(Collection entries)
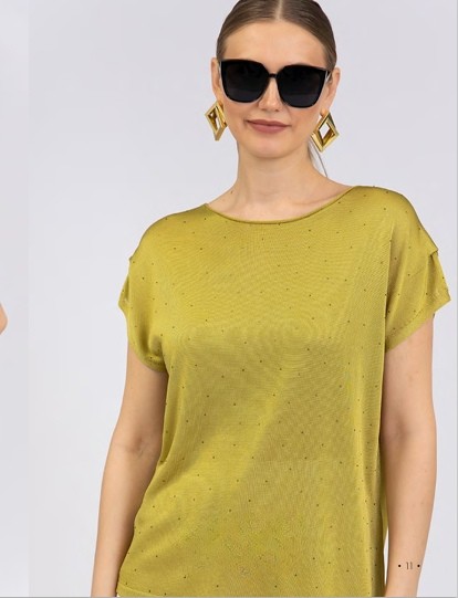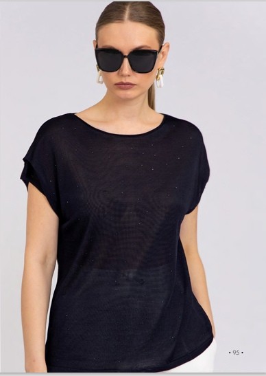 Prenda de corte holgado y diseño minimalista con detalles brillantes sutiles que aportan un toque de sofisticación. Se trata de un suéter ligero con manga corta caída.
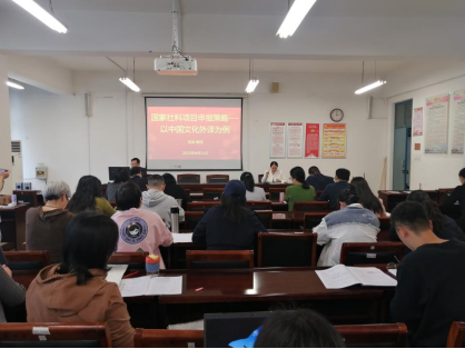 为提升教师国家社科基金项目申报能力,推动团队建设与学术研究发展,4月21日,williamhill中国官方网站邀请外交公司武波教授开展“国家社科项目申报策略—以中国文化外译为例”专题报告,副经理杜丽霞主持,全体教师参会。
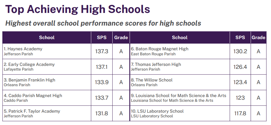 Credit: Louisiana Department of Education (School and District Performance Scores - 2024-2025)
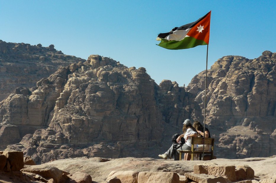 | Die jordanische Flagge weht über Petra. |
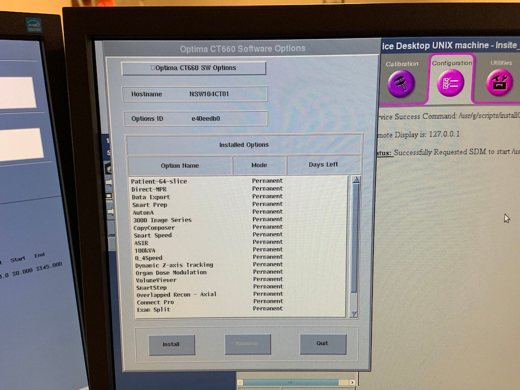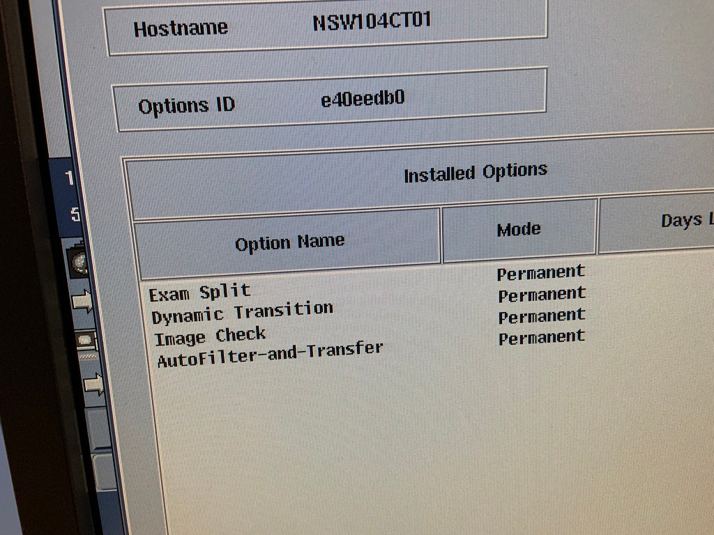 Options: Patient-64-slice, Direct-MPR, Data Export, Smart Prep, AutomA, 3000 Image Series, CopyComposer, Smart Speed, ASIR, 100kVA, 0_4Speed, Dynamic Z-axis Tracking, Organ Dose Modulation, VolumeViewer, SmartStep, Overlapped Recon-Axial, Connect Pro, Exam Split, Dynamic Transition, Image Check, AutoFilter-and-Transfer
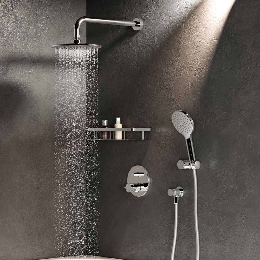 - Набор включает в себя: верхний тропический душ 22 см, ручной душ, держатель ручного душа и смеситель.
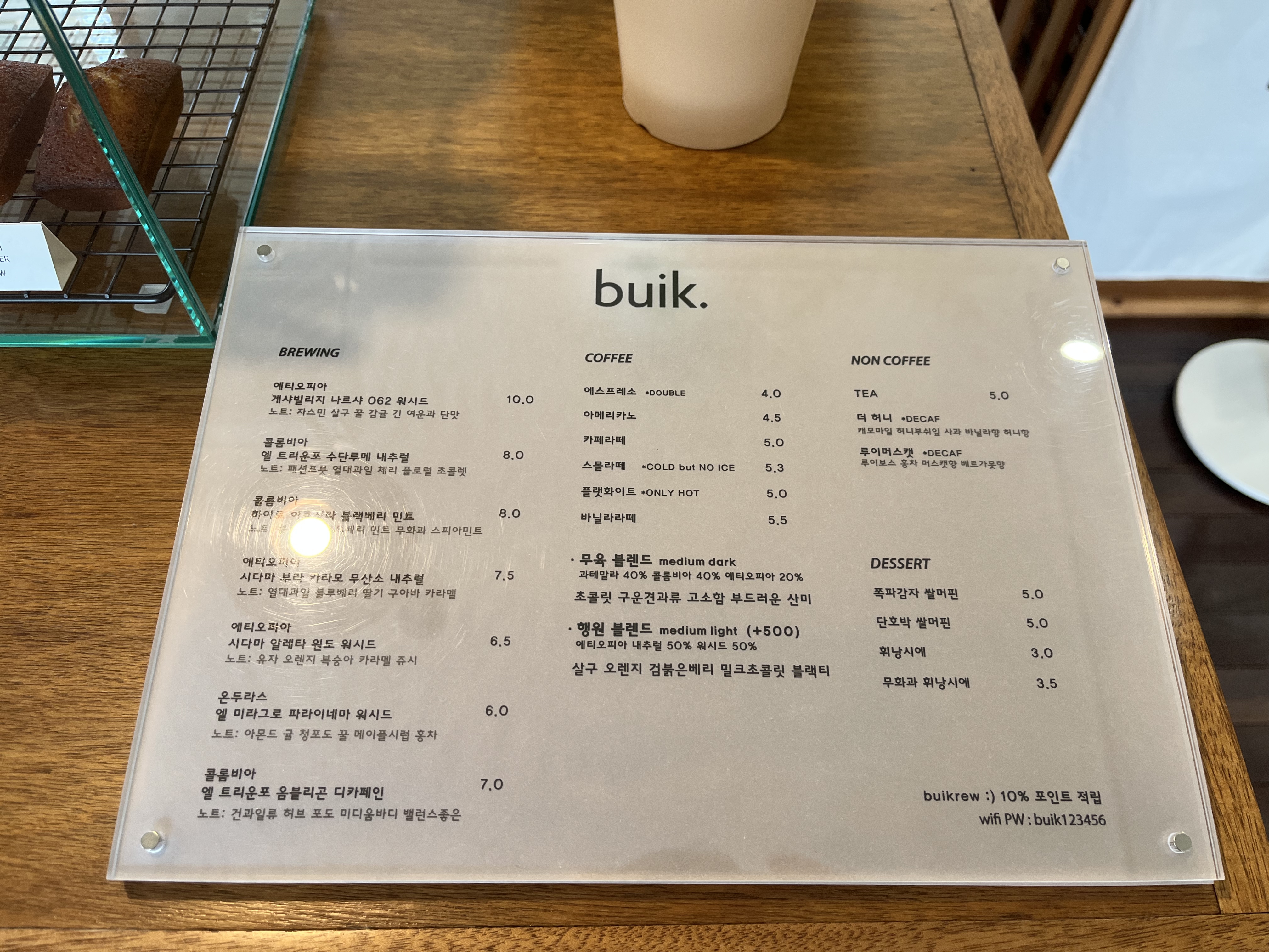3. 제주도 핸드드립 카페, 부이크 브루어스 메뉴
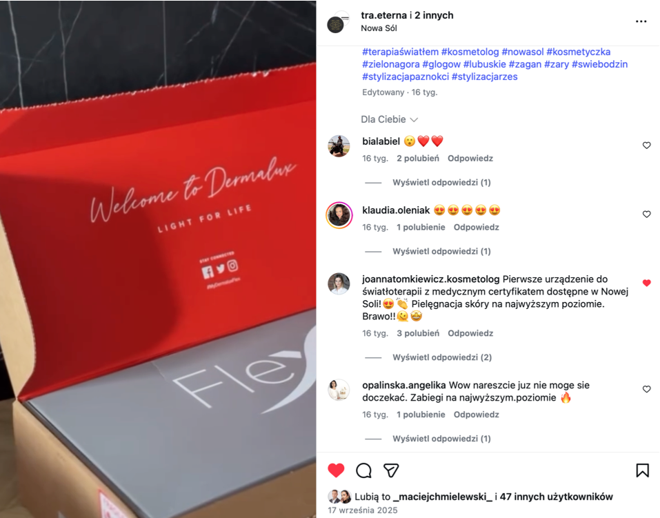 Śledź nas na Instagramie i zobacz, jak wybrane urządzenia sprawdzają się w codziennej pracy gabinetów. Inspiracje, realne efekty i zadowoleni klienci.
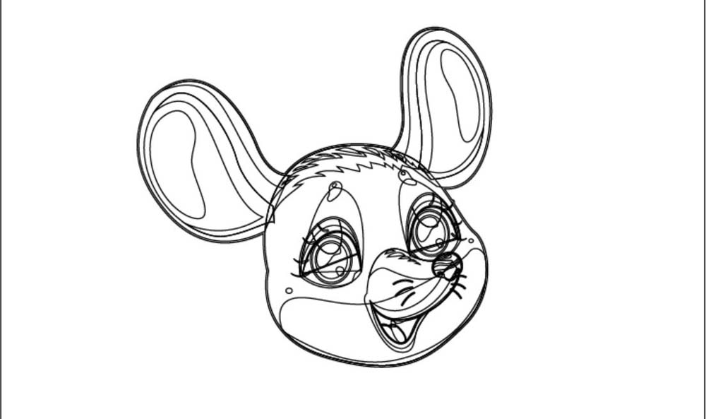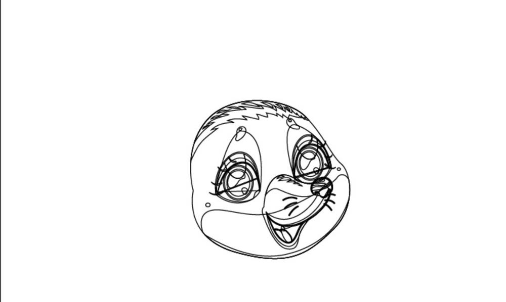 1、画出老鼠脸部的重点表情元素,它的大眼晴,它的小鼻子与小嘴巴,它的头部的轮廓路径。
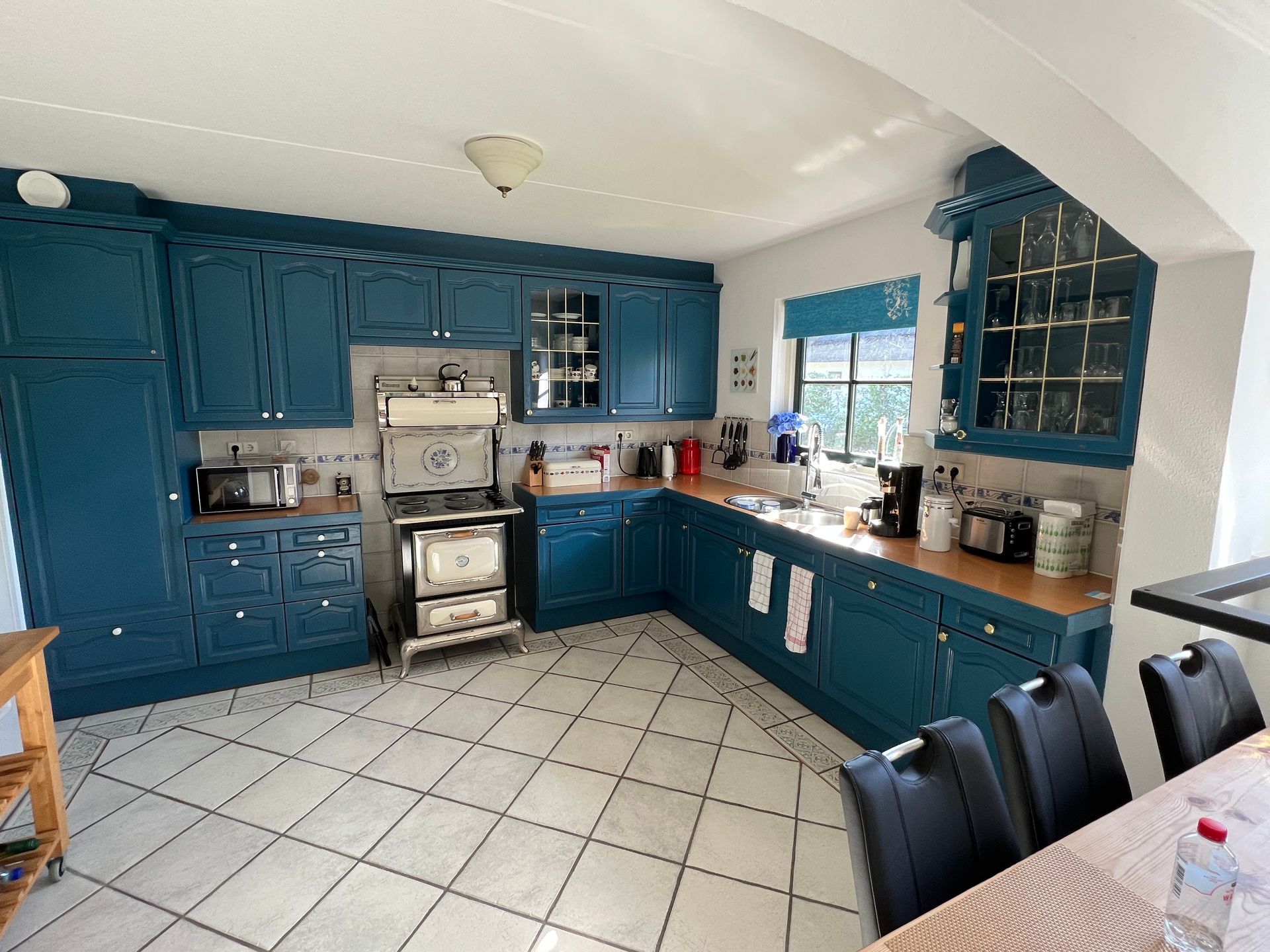 Die große offene Küche ist mit einem Induktionsherd mit Backofen, Kühlschrank mit Eisfach, Mikrowelle und einer Spülmaschine ausgestattet. Kaffeemaschine, Toaster, Heißwasserbereiter sind ebenso selbstverständlich wie ausreichend Gläser, Besteck, Geschirr, Töpfe u.s.w.

EXERCISE DESCRIPTION ▸ Retype, exactly as written, each line from the one containing "Options: Patient-64-slice, Direct-MPR, Data" through the end of the data above, and leave out every picture.

ANSWER ▸
 Options: Patient-64-slice, Direct-MPR, Data Export, Smart Prep, AutomA, 3000 Image Series, CopyComposer, Smart Speed, ASIR, 100kVA, 0_4Speed, Dynamic Z-axis Tracking, Organ Dose Modulation, VolumeViewer, SmartStep, Overlapped Recon-Axial, Connect Pro, Exam Split, Dynamic Transition, Image Check, AutoFilter-and-Transfer
 - Набор включает в себя: верхний тропический душ 22 см, ручной душ, держатель ручного душа и смеситель.
3. 제주도 핸드드립 카페, 부이크 브루어스 메뉴
 Śledź nas na Instagramie i zobacz, jak wybrane urządzenia sprawdzają się w codziennej pracy gabinetów. Inspiracje, realne efekty i zadowoleni klienci.
 1、画出老鼠脸部的重点表情元素,它的大眼晴,它的小鼻子与小嘴巴,它的头部的轮廓路径。
 Die große offene Küche ist mit einem Induktionsherd mit Backofen, Kühlschrank mit Eisfach, Mikrowelle und einer Spülmaschine ausgestattet. Kaffeemaschine, Toaster, Heißwasserbereiter sind ebenso selbstverständlich wie ausreichend Gläser, Besteck, Geschirr, Töpfe u.s.w.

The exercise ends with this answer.